Key words: fuzzy comprehensive assessment (FCA)     heavy metal     pollution changing process     distribution characteristics     Nanfei River     sediment    
1 INTRODUCTION

At present,heavy metal pollution of aquatic systems is a serious global environmental problem. In general,heavy metals are adsorbed onto particles (Förstner and Salomons,1980) ,and are then discharged into rivers with wastewater ( Hudson-Edwards et al.,1997; Rawat et al.,2003) . These sediment-associated metals settle temporarily in lakes (Chen and Lin,2001; Jong and Parry,2004) ,where they undergo complex physicochemical reactions (Teasdale et al.,2003) . However,these metals should be viewed as a “chemical time bomb” in the sediment because when the environmental conditions,such as the pH or redox potential (Stigliani et al.,1991) , change,they may be transformed to a more available form. Heavy metals have long-term toxic effects on ecosystems (Gaur et al.,2014) ,and have implications fo-r public health,such as Minamata disease and Itai- itai disease in Japan. Therefore,it is important to determine the degree of heavy metal pollution in sediment (Yi et al.,2011) .

Urban rivers that flow through residential,industrial,and agricultural areas and business centers inevitably transport large quantities of pollutants into lakes (Zan et al.,2011) . They can have severe impacts on the health of lake ecosystems because of their high pollutant inputs. Many rivers throughout the world are polluted with heavy metals (Järup,2003; Akinci et al.,2013) . Approximately 90% of urban rivers in China experience different degrees of pollution (MEPC,2013) and it was estimated that 900 tons of heavy metals were transported into freshwater bodies in China in 2007 (MEPC et al.,2010) . It is therefore clear that heavy metal pollution has become a major problem in recent years (MEPC,2011; He et al.,2013) .

Heavy metal-related research has been on-going for many years,but studies on changes in heavy metal pollution in urban river sediments are rare. This may reflect the fact that sources of heavy metals in cities that have experienced rapid industrialization and population expansion are very complicated and the pollution status is highly variable,even in adjacent river reaches. This means that it is very diffcult to carry out an objective and accurate assessment of spatial and temporal changes in heavy metal pollution. Such assessments are data-intensive,and rely on the choice of appropriate and effective methods. Multivariate statistical analysis methods are useful,reliable tools that can be used in studies of heavy metal pollution (Kazi et al.,2009) . Fuzzy comprehensive assessment (FCA) ,derived from the fuzzy set theory (Zadeh,1965) ,is an effective method for multi-factorial assessment (Wang,2002) . Results from this assessment directly reflect the status of the object being evaluated. To date,very few studies have assessed the spatial and temporal variability of heavy metal pollution in urban river sediments by the FCA method. Therefore,we used this method in this study to carry out a thorough and objective study of changes in pollution. We believe that this method can provide us with an improved understanding of the current ecological status of the region and the potential risks from heavy metal pollution.

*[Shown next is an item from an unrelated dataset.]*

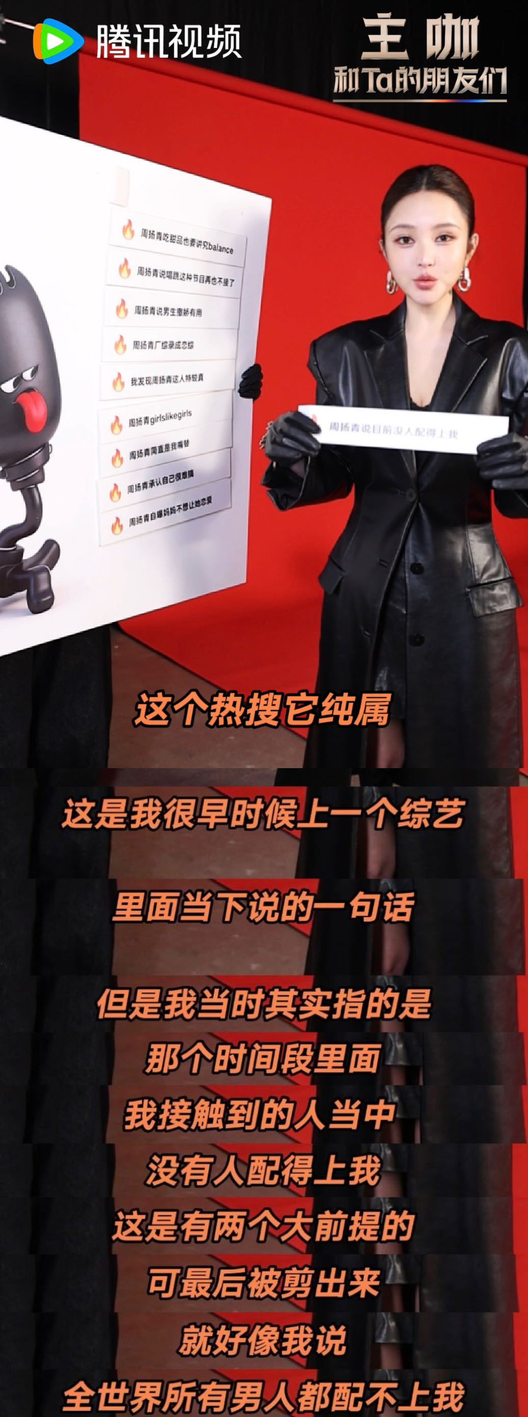 周扬青说现在有人配的上我了 周扬青的澄清来得刚好!当年撂狠话实属情境所需,没想到吓退良缘。如今轻松调侃“有人配得上”,眼角眉梢都是笑意。桃花运请速速回归,我们都等着喝喜酒呢!

The Nanfei River is an important inflow to Chaohu Lake. It contributes 15% of the inflow water,but more than 40% of the external pollutant load,to the lake (MEPC and CAEP,2000) . As far as we know,there have been no previous studies of heavy metal pollution in the Nanfei River watershed. Therefore,to address this gap in knowledge,we identified the sources of contamination and assessed spatial and temporal changes in heavy metal pollution. The specific aims of this study were (1) to determine the distribution of heavy metals in sediments in the Nanfei River; (2) to identify the sources of heavy metal pollution in the Nanfei River sediments,and (3) to assess the levels of heavy metals and demonstrate changes in the pollution of sediments in the Nanfei River watershed using the FCA method.

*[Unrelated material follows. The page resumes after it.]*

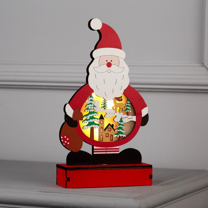 Светодиодная фигура «Дед Мороз» 13 × 14 × 5 см, дерево, батарейки ААх2 (не в комплекте), свечение тёплое белое

2 MATERIAL AND METHOD 2.1 Study area

The Nanfei River is a typical urban river in Anhui Province,China. It covers an area of 1 640 km2 and has a channel length of 70 km. There is a reservoir in the upper reaches,and it flows into Chaohu Lake (Anhui Province,China) ,one of the five largest freshwater lakes in China. Its main channel and many of its tributaries flow through Hefei City,the capital of Anhui Province. Hefei has a population of 4 million and land use within its boundaries comprises residential,industrial and agricultural areas,and various business districts. In the past 30 years,Hefei has experienced rapid economic development and population growth,and large quantities of pollutants have been discharged into the river,meaning that the Nanfei River has become increasingly polluted and large volumes of heavy metals have accumulated in the sediments.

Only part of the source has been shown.